The other recurring problem over at Tepido is that, for guys on the look out for the “facts”, they tend to do a lot of fill-in for the parts they don’t really know. Plus, they make over-the-top conclusions based off very little input. No one is always wrong. But then, no one is always right. Some examples:
One of them has me as having said that none of them were aware that David Aldwinckle (Arudou Debito) was in Canada. No, I did not say that above. What I said was no longer in Japan. AND he is in Hawaii. If they read me just a few days ago, they would have seen that I acknowledged what was pretty well known, that Aldwinckle had gone to Canada. Then, this goes on with something about saying “married” or “remarried”. When you are re-married, you are married.
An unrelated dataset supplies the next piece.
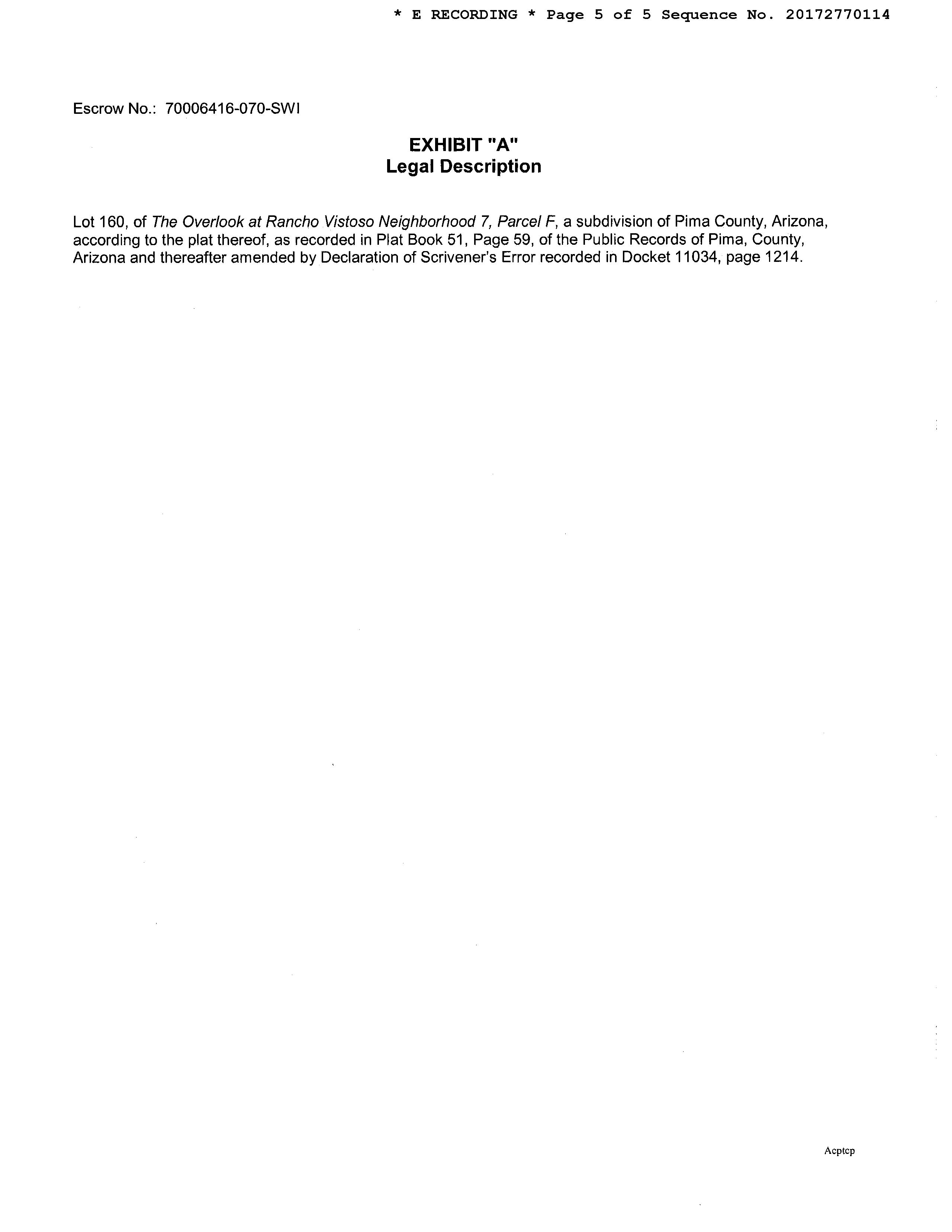 Legal Description : Overlook At Rancho Vistoso Neighborhood 7 Parcel F Lot 160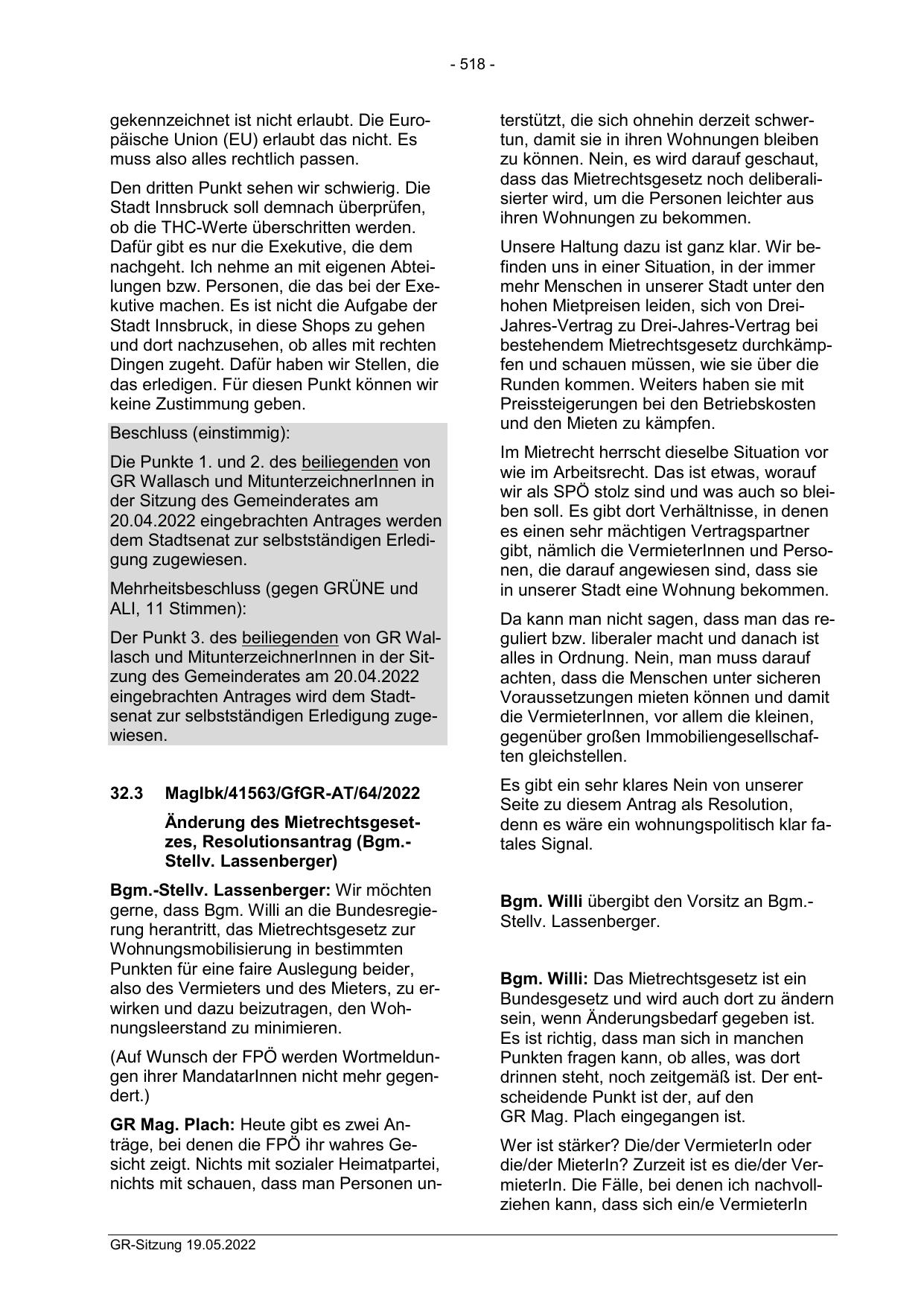 Änderung des Mietrechtsgesetzes, Resolutionsantrag (Bgm.Stellv. Lassenberger)

Then, I think another of them goes back to a post I did about how a 6% return over 380 years yields billions of dollars. (This was in the context of the Dutch purchase of Manhattan Island in 1626.) It was twisted into “felt the Indians should lose America because they weren’t doing anything with it.” If I recall the original blog post, it either was inspired, or had to do with, a New York Times Science Times piece [from 1986–half of them probably weren’t born and the other half aren’t at the reading level] about how the Lenne Lenape gradually increased the price for modern-day New York, and that the original $24 only covered the southern tip of Manhattan, which was swamp and useless as a hunting ground. It’s also fairly well known that the compound interest story comes out of an accounting text in wide usage during the 1980’s. (But I guess if you are a site dedicated to allowing know-it-alls to go off on anyone, maybe you don’t know that.)
The kind of guilt-by-association treatment would not be taken too kindly, if the shoe were on the other foot. A few weeks back, they linked to a white supremicist podcast (the so-called “Voice of Reason”), because one of the commentators at that site had something negative to say about Arudou Debito. It was in the context of his “agitating” (not a direct quote) against the majority race in Japan, versus what activists do in America. Then, they speculated as to whether Debito was Jewish or not.
When you listen to those types, you need to understand the code language and the framework, which I don’t think someone from Scotland may know. But they basically were making Debito out to be a “troublemaker Jew”, going to Japan and trying to change what the racial majority there wanted.
Now, people have their right to say, and a link does not, or at least, should not imply endorsement. But if you’re trying to run a site that purports to debunk someone else’s opinion, do you really use garbage like that, “just because it’s out there?” Thankfully, people aren’t saying that Tepido advocates or endorses racial supremacy—as evidenced by his “support” of Voice of Reason. But that sort of analogy would be utterly fair to a number of the people who post there.
Hoofin, your comments on this issue are much a much appreciated moment of sanity re: the ongoing relationship of the debito/tepido sites. But I fear that your reasonable approach will be rewarded with insults.
Thanks for your comment. I’ve previously received a number of insults from that direction, and I just take it from the source. Plus I listen to the Dave Mason song. They should, too.